◆ **Task objective**: Please give back each line below unchanged; none of the pictures should appear.

◆ **Information shown**:

>>>>

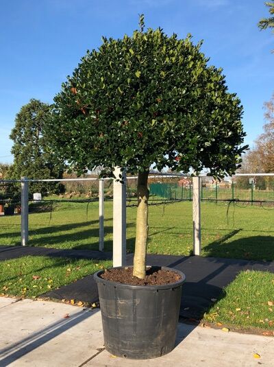 | Eigenschaften: | Der Ilex aquifolium 'Siberia'® / Ilex aquifolium 'Limsi' / Stechpalme 'Limsi' / Stechplame Siberia 120 cm Stamm und 230 cm Gesamthöhe (546234) erweist sich als frosthärtestes und gut schnittverträgliches Gehölz seiner Art. Auch diese Gattung bildet sehr schöne kompakte Kronen, die unter normalen Umständen nicht zu durchdringen sind, denn das stechende Blatt bildet einen unangehmenen Gegenspieler. Überzeugt vor allem durch den ansprechenden Fruchtschmuck und das beständige dunkelgrüne Laub. Solch einen Solitär bekommt man nur selten zu Gesicht und kann neben der Solitärstellung auch in der Allee oder aber als immergrüner Schutz für den Nachbarn genutzt werden. |
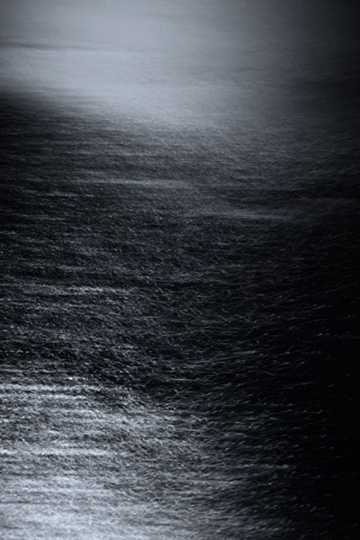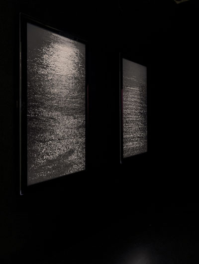 First exhibited at Istanbul Museum of Modern Art, 2013-14. Also included in Moon and Star Drawings (Galeri Mana, Istanbul, 2014). In this series, the passing moon inscribes itself on the sea, its reflection modified by the movement of the water and wind, sometimes also by the movement of the camera. The interplay of these elements is variously recorded, in individual photographs, composites and videos. In the video works, which might perhaps be described as kinetic drawings, a static camera observes the dynamic interaction of moonlight, wind and sea. ______________________ Selected works: ![]() Moon Drawing (with Wind and Water), #3117, 2012 ![]() Moon Drawing (with Wind and Water), #3112, 2012 ![]() Moon Drawing (with Wind and Water), #2974, 2012 ![]() Twelve Moon Drawings (with Wind and Water), 23:06:14 - 23:07:25, 2012 ![]() Moon Drawing (with Wind and Water), #3108, 2012 ![]() Moon Drawing (with Wind and Water), #3165, 2012 ![]() Stills from Moon Drawing (with Wind and Water), #3, 2013 Single-channel video, 16 min ![]() Installation view, Istanbul Museum of Modern Art, 2013 Two single-channel videos (Moon Drawings #2 & 3), each 16 min Photographs copyright © Barbara & Zafer Baran www.zb-baran.co.uk |
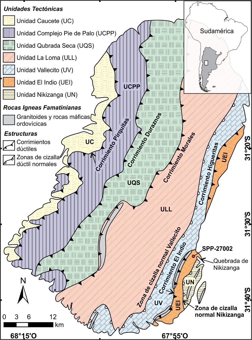 La UC, ubicada por bajo del corrimiento Pirquitas (van Staal et al., 2011 y referencias allí citadas), está formada por el Grupo Caucete, una serie metasedimentaria compuesta principalmente de rocas carbonáticas y siliciclásticas con una edad de sedimentación neoproterozoica a cámbrica (Galindo et al., 2004; Naipauer et al., 2010). La UCPP se encuentra entre los corrimientos Pirquitas y Duraznos y está compuesta principalmente por rocas máficas y ultramáficas interpretadas como un complejo ofiolítico mesoproterozoico grenvilliano (e.g., Vujovich y Kay, 1998). La UQS, aflora entre los corrimientos Duraznos y Morales (Ramacciotti, 2016) y corresponde a un basamento de difícil acceso y poco conocido, compuesto principalmente por migmatitas, ortogneises, esquistos y cuarcitas mesoproterozoicas y una cubierta de mármoles y anfibolitas neoproterozoicas equivalente a la Secuencia Metasedimentaria Difunta Correa (SMDC; v. abajo) (Casquet et al., 2001; Vujovich et al., 2004; Mulcahy et al., 2011). La edad de las rocas ígneas mesoproterozoicas alojadas en la UCPP y la UQS varían entre ca. 1.030 y 1.280 Ma (Vujovich et al., 2004; Morata et al., 2010; Rapela et al., 2010; Mulcahy et al., 2011; Garber et al., 2014). Además, dentro de la UQS se encuentran alojados ortogneises tipo “A” con una edad de cristalización de ca. 775 Ma interpretados como evidencia de la ruptura temprana del supercontinente Rodinia (Baldo et al., 2006). La ULL se extiende entre el cabalgamiento de Morales y la faja de cizalla normal Vallecito y está compuesta principalmente por cuarcitas oscuras pertenecientes a la unidad litoestratigráfica La Loma (Ramacciotti et al. 2015a y b) dentro de la SMDC. La SMDC está constituida por una compleja unidad metasedimentaria de plataforma continental, depositada en el Ediacariano inferior, compuesta por rocas metasiliciclásticas y metacarbonáticas, descrita y datada por Baldo et al. (1998), Rapela et al. (2005), Ramacciotti et al. (2015a, b). La UV se encuentra entre la zona de cizalla Vallecito y el corrimiento El Indio y se compone principalmente de mármoles pertenecientes a la SMDC mientras que la UEI aflora entre el corrimiento homónimo y la zona de cizalla normal Nikizanga y se compone de rocas metasiliciclásticas además de abundantes intrusiones graníticas ordovícicas alojadas en dicho cabalgamiento (e.g., Granito El Indio; Baldo et al., 2012). Al este de la faja de cizalla extensional Nikizanga aflora la UN formada por el Grupo Nikizanga y la SMDC. El Grupo Nikizanga está formado por rocas metamórficas de bajo grado (mármoles grafíticos, cuarcitas, y filitas) cuyos protolitos sedimentarios se depositaron en el Cámbrico (Ramacciotti et al., 2018). Esta secuencia ha sido correlacionada sobre la base de la composición isotópica de Sr de mármoles y edades U-Pb en circones detríticos con el Grupo Caucete y con el Grupo Mesón del noroeste de Argentina, y ha sido interpretada como una depositación en una plataforma continental perteneciente al margen suroccidental de Gondwana (Ramacciotti et al., 2018).
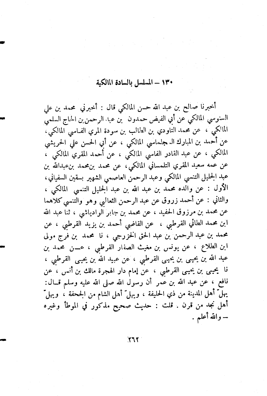 أخبرنا صالح بن عبد الله حسن المالكي قال: أخبرني محمد بن علي السنوسي المالكي عن أبي الفيض حمدون بن عبد الرحمن بن الحاج السلمي المالكي، عن محمد التاودي بن الطالب بن سودة المري الفاسي المالكي، عن أحمد بن المبارك السجلماسي المالكي، عن أبي الحسن علي الحريشي المالكي، عن عبد القادر الفاسي المالكي، عن أحمد المقري المالكي، عن عمه سعيد المقري التلمساني المالكي، عن محمد بن محمد بن عبد الله بن عبد الجليل التنسي المالكي وعبد الرحمن العاصمي الشهير بسقين السفياني، الأول: عن والده محمد بن عبد الله بن عبد الجليل التنسي المالكي، والثاني: عن أحمد زروق عن عبد الرحمن الثعالبي وهو والتنسي كلاهما عن محمد بن مرزوق الحفيد، عن محمد بن جابر الوادياشي، ثنا عبد الله بن محمد الطائي القرطبي، عن القاضي أحمد بن يزيد القرطبي، عن محمد بن عبد الرحمن بن عبد الحق الخزرجي، نا محمد بن فرج مولى ابن الطلاع، عن يونس بن مغيث الصفار القرطبي، عن محمد بن عبد الله بن يحيى بن يحيى القرطبي، عن عبيد الله بن يحيى القرطبي، نا يحيى بن يحيى القرطبي، عن إمام دار الهجرة مالك بن أنس، عن نافع، عن عبد الله بن عمر أن رسول الله صلى الله عليه وسلم قال: يهلّ أهل المدينة من ذي الحليفة، ويهلّ أهل الشام من الجحفة، ويهل أهل نجد من قرن. قلت: حديث صحيح مذكور في الموطأ وغيره - والله أعلم.

<<<<

◆ **Written answer**:
 | Eigenschaften: | Der Ilex aquifolium 'Siberia'® / Ilex aquifolium 'Limsi' / Stechpalme 'Limsi' / Stechplame Siberia 120 cm Stamm und 230 cm Gesamthöhe (546234) erweist sich als frosthärtestes und gut schnittverträgliches Gehölz seiner Art. Auch diese Gattung bildet sehr schöne kompakte Kronen, die unter normalen Umständen nicht zu durchdringen sind, denn das stechende Blatt bildet einen unangehmenen Gegenspieler. Überzeugt vor allem durch den ansprechenden Fruchtschmuck und das beständige dunkelgrüne Laub. Solch einen Solitär bekommt man nur selten zu Gesicht und kann neben der Solitärstellung auch in der Allee oder aber als immergrüner Schutz für den Nachbarn genutzt werden. |
 First exhibited at Istanbul Museum of Modern Art, 2013-14. Also included in Moon and Star Drawings (Galeri Mana, Istanbul, 2014). In this series, the passing moon inscribes itself on the sea, its reflection modified by the movement of the water and wind, sometimes also by the movement of the camera. The interplay of these elements is variously recorded, in individual photographs, composites and videos. In the video works, which might perhaps be described as kinetic drawings, a static camera observes the dynamic interaction of moonlight, wind and sea. ______________________ Selected works: ![]() Moon Drawing (with Wind and Water), #3117, 2012 ![]() Moon Drawing (with Wind and Water), #3112, 2012 ![]() Moon Drawing (with Wind and Water), #2974, 2012 ![]() Twelve Moon Drawings (with Wind and Water), 23:06:14 - 23:07:25, 2012 ![]() Moon Drawing (with Wind and Water), #3108, 2012 ![]() Moon Drawing (with Wind and Water), #3165, 2012 ![]() Stills from Moon Drawing (with Wind and Water), #3, 2013 Single-channel video, 16 min ![]() Installation view, Istanbul Museum of Modern Art, 2013 Two single-channel videos (Moon Drawings #2 & 3), each 16 min Photographs copyright © Barbara & Zafer Baran www.zb-baran.co.uk |
 La UC, ubicada por bajo del corrimiento Pirquitas (van Staal et al., 2011 y referencias allí citadas), está formada por el Grupo Caucete, una serie metasedimentaria compuesta principalmente de rocas carbonáticas y siliciclásticas con una edad de sedimentación neoproterozoica a cámbrica (Galindo et al., 2004; Naipauer et al., 2010). La UCPP se encuentra entre los corrimientos Pirquitas y Duraznos y está compuesta principalmente por rocas máficas y ultramáficas interpretadas como un complejo ofiolítico mesoproterozoico grenvilliano (e.g., Vujovich y Kay, 1998). La UQS, aflora entre los corrimientos Duraznos y Morales (Ramacciotti, 2016) y corresponde a un basamento de difícil acceso y poco conocido, compuesto principalmente por migmatitas, ortogneises, esquistos y cuarcitas mesoproterozoicas y una cubierta de mármoles y anfibolitas neoproterozoicas equivalente a la Secuencia Metasedimentaria Difunta Correa (SMDC; v. abajo) (Casquet et al., 2001; Vujovich et al., 2004; Mulcahy et al., 2011). La edad de las rocas ígneas mesoproterozoicas alojadas en la UCPP y la UQS varían entre ca. 1.030 y 1.280 Ma (Vujovich et al., 2004; Morata et al., 2010; Rapela et al., 2010; Mulcahy et al., 2011; Garber et al., 2014). Además, dentro de la UQS se encuentran alojados ortogneises tipo “A” con una edad de cristalización de ca. 775 Ma interpretados como evidencia de la ruptura temprana del supercontinente Rodinia (Baldo et al., 2006). La ULL se extiende entre el cabalgamiento de Morales y la faja de cizalla normal Vallecito y está compuesta principalmente por cuarcitas oscuras pertenecientes a la unidad litoestratigráfica La Loma (Ramacciotti et al. 2015a y b) dentro de la SMDC. La SMDC está constituida por una compleja unidad metasedimentaria de plataforma continental, depositada en el Ediacariano inferior, compuesta por rocas metasiliciclásticas y metacarbonáticas, descrita y datada por Baldo et al. (1998), Rapela et al. (2005), Ramacciotti et al. (2015a, b). La UV se encuentra entre la zona de cizalla Vallecito y el corrimiento El Indio y se compone principalmente de mármoles pertenecientes a la SMDC mientras que la UEI aflora entre el corrimiento homónimo y la zona de cizalla normal Nikizanga y se compone de rocas metasiliciclásticas además de abundantes intrusiones graníticas ordovícicas alojadas en dicho cabalgamiento (e.g., Granito El Indio; Baldo et al., 2012). Al este de la faja de cizalla extensional Nikizanga aflora la UN formada por el Grupo Nikizanga y la SMDC. El Grupo Nikizanga está formado por rocas metamórficas de bajo grado (mármoles grafíticos, cuarcitas, y filitas) cuyos protolitos sedimentarios se depositaron en el Cámbrico (Ramacciotti et al., 2018). Esta secuencia ha sido correlacionada sobre la base de la composición isotópica de Sr de mármoles y edades U-Pb en circones detríticos con el Grupo Caucete y con el Grupo Mesón del noroeste de Argentina, y ha sido interpretada como una depositación en una plataforma continental perteneciente al margen suroccidental de Gondwana (Ramacciotti et al., 2018).
 أخبرنا صالح بن عبد الله حسن المالكي قال: أخبرني محمد بن علي السنوسي المالكي عن أبي الفيض حمدون بن عبد الرحمن بن الحاج السلمي المالكي، عن محمد التاودي بن الطالب بن سودة المري الفاسي المالكي، عن أحمد بن المبارك السجلماسي المالكي، عن أبي الحسن علي الحريشي المالكي، عن عبد القادر الفاسي المالكي، عن أحمد المقري المالكي، عن عمه سعيد المقري التلمساني المالكي، عن محمد بن محمد بن عبد الله بن عبد الجليل التنسي المالكي وعبد الرحمن العاصمي الشهير بسقين السفياني، الأول: عن والده محمد بن عبد الله بن عبد الجليل التنسي المالكي، والثاني: عن أحمد زروق عن عبد الرحمن الثعالبي وهو والتنسي كلاهما عن محمد بن مرزوق الحفيد، عن محمد بن جابر الوادياشي، ثنا عبد الله بن محمد الطائي القرطبي، عن القاضي أحمد بن يزيد القرطبي، عن محمد بن عبد الرحمن بن عبد الحق الخزرجي، نا محمد بن فرج مولى ابن الطلاع، عن يونس بن مغيث الصفار القرطبي، عن محمد بن عبد الله بن يحيى بن يحيى القرطبي، عن عبيد الله بن يحيى القرطبي، نا يحيى بن يحيى القرطبي، عن إمام دار الهجرة مالك بن أنس، عن نافع، عن عبد الله بن عمر أن رسول الله صلى الله عليه وسلم قال: يهلّ أهل المدينة من ذي الحليفة، ويهلّ أهل الشام من الجحفة، ويهل أهل نجد من قرن. قلت: حديث صحيح مذكور في الموطأ وغيره - والله أعلم.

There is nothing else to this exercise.